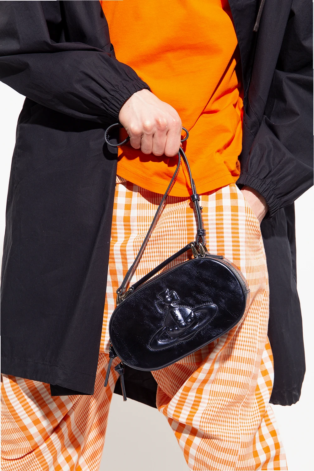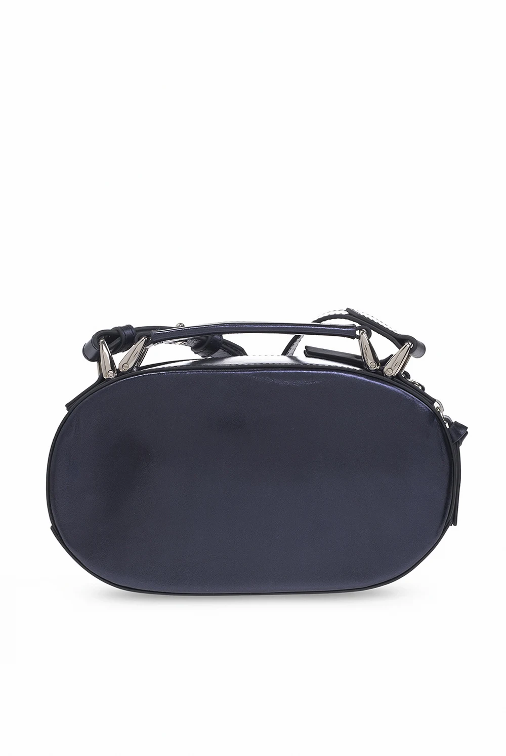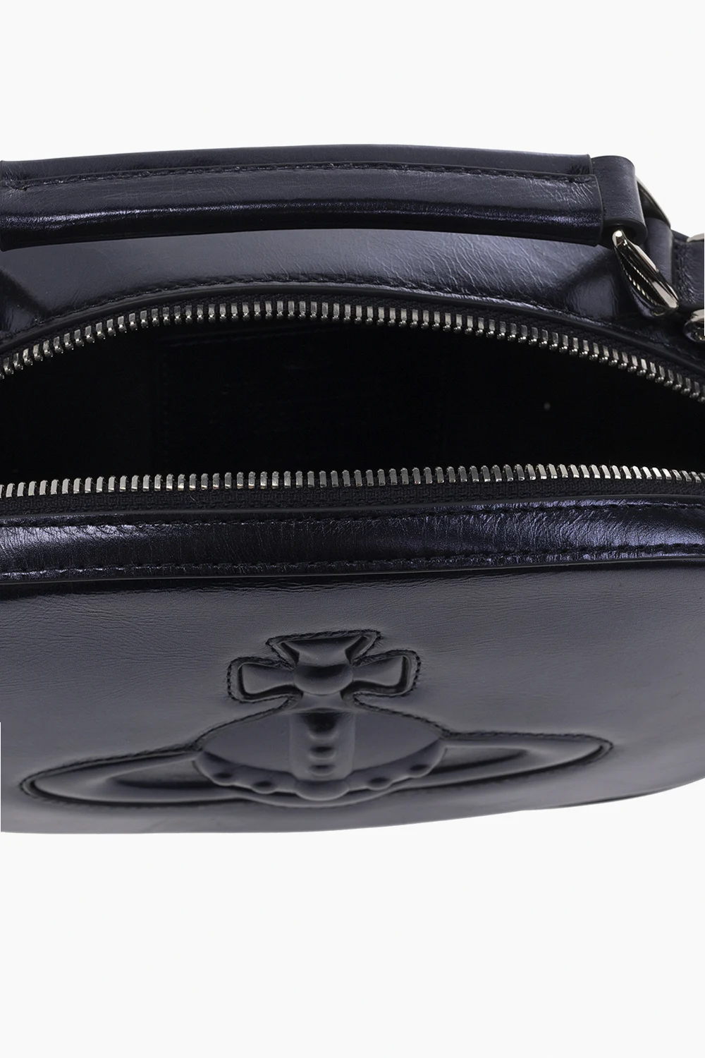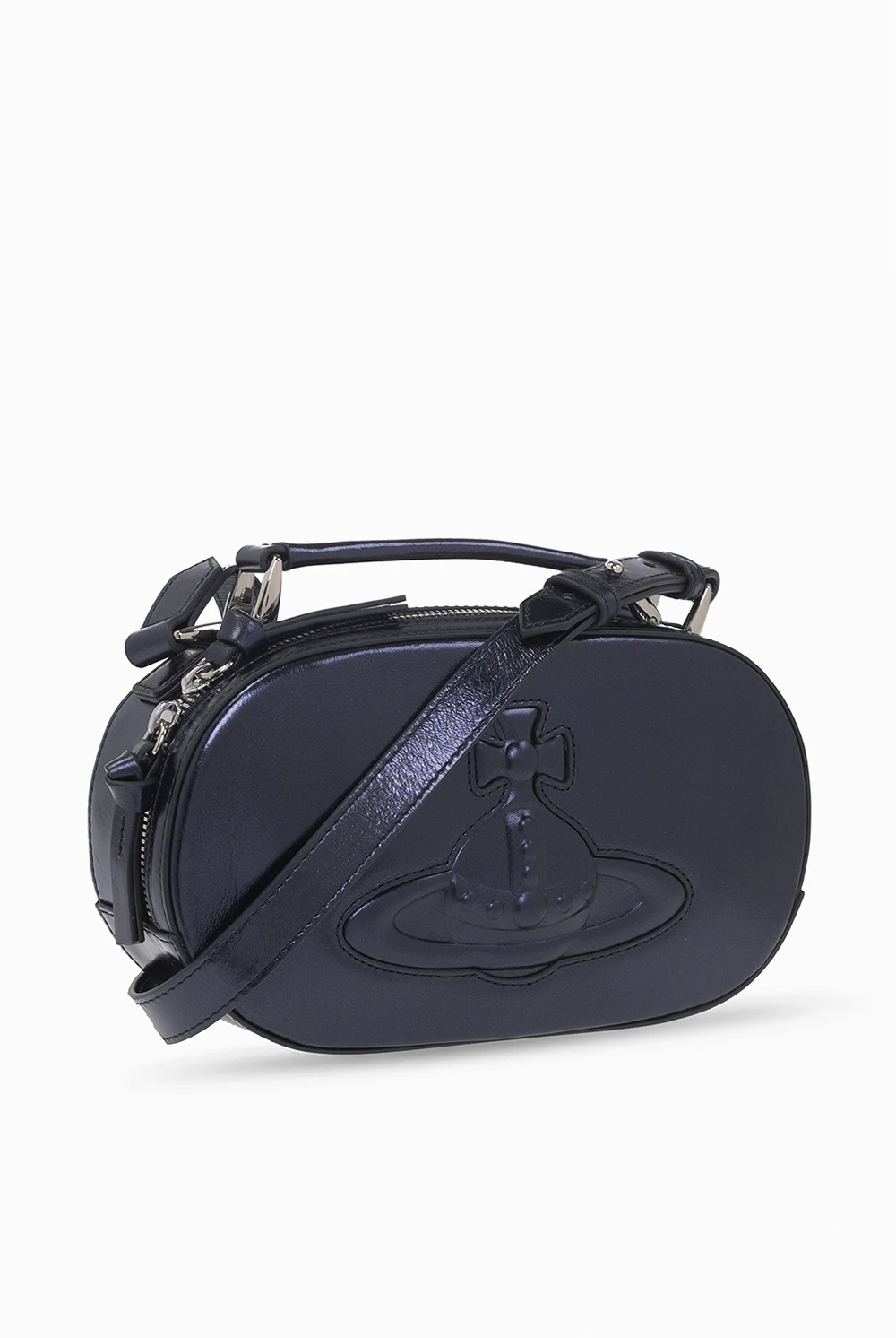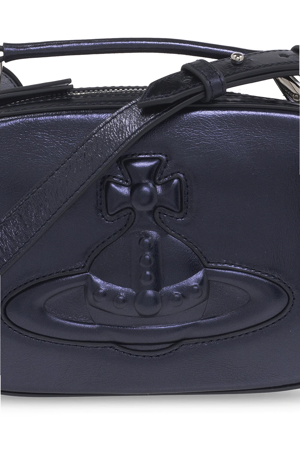 Dark purple ‘Kathy’ shoulder bag from Vivienne Westwood. Crafted from cow leather with a metallic sheen, this design features a two-way zip fastening, a tactile logo on the front, a half-round handle, an adjustable shoulder strap, silver-tone metal hardware and one internal compartment with a slip pocket.
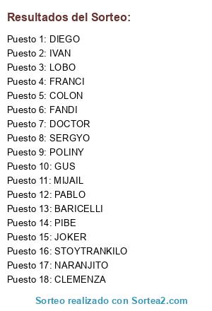 Lista de participantes: PIBE, STOYTRANKILO, DOCTOR, LOBO, DIEGO, NARANJITO, JOKER, GUS, PABLO, POLINY, MIJAIL, COLON, BARICELLI, IVAN, FANDI, FRANCI, SERGYO, CLEMENZA.
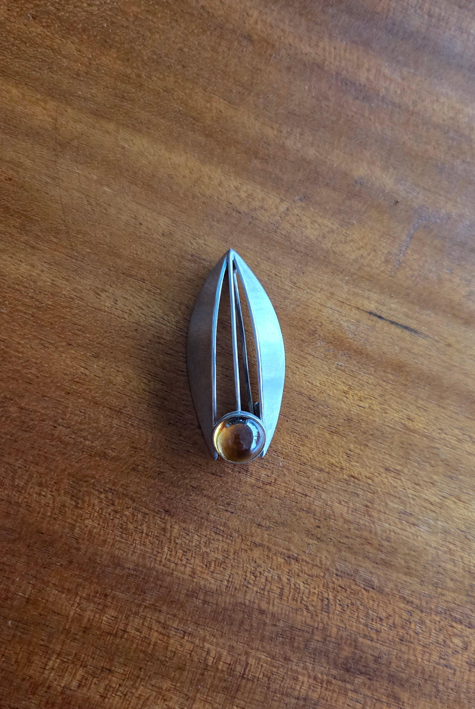 Korussa on kauniin modernistinen muotokieli – selkeä, veistoksellinen linjaus ja lämminsävyinen keltainen kivi luovat upean kontrastin kiillotettuun hopeapintaan.

▶ Directions for this task
Could each line of the data be written out exactly, with no pictures included?

▶ Expected answer
 Dark purple ‘Kathy’ shoulder bag from Vivienne Westwood. Crafted from cow leather with a metallic sheen, this design features a two-way zip fastening, a tactile logo on the front, a half-round handle, an adjustable shoulder strap, silver-tone metal hardware and one internal compartment with a slip pocket.
 Lista de participantes: PIBE, STOYTRANKILO, DOCTOR, LOBO, DIEGO, NARANJITO, JOKER, GUS, PABLO, POLINY, MIJAIL, COLON, BARICELLI, IVAN, FANDI, FRANCI, SERGYO, CLEMENZA.
 Korussa on kauniin modernistinen muotokieli – selkeä, veistoksellinen linjaus ja lämminsävyinen keltainen kivi luovat upean kontrastin kiillotettuun hopeapintaan.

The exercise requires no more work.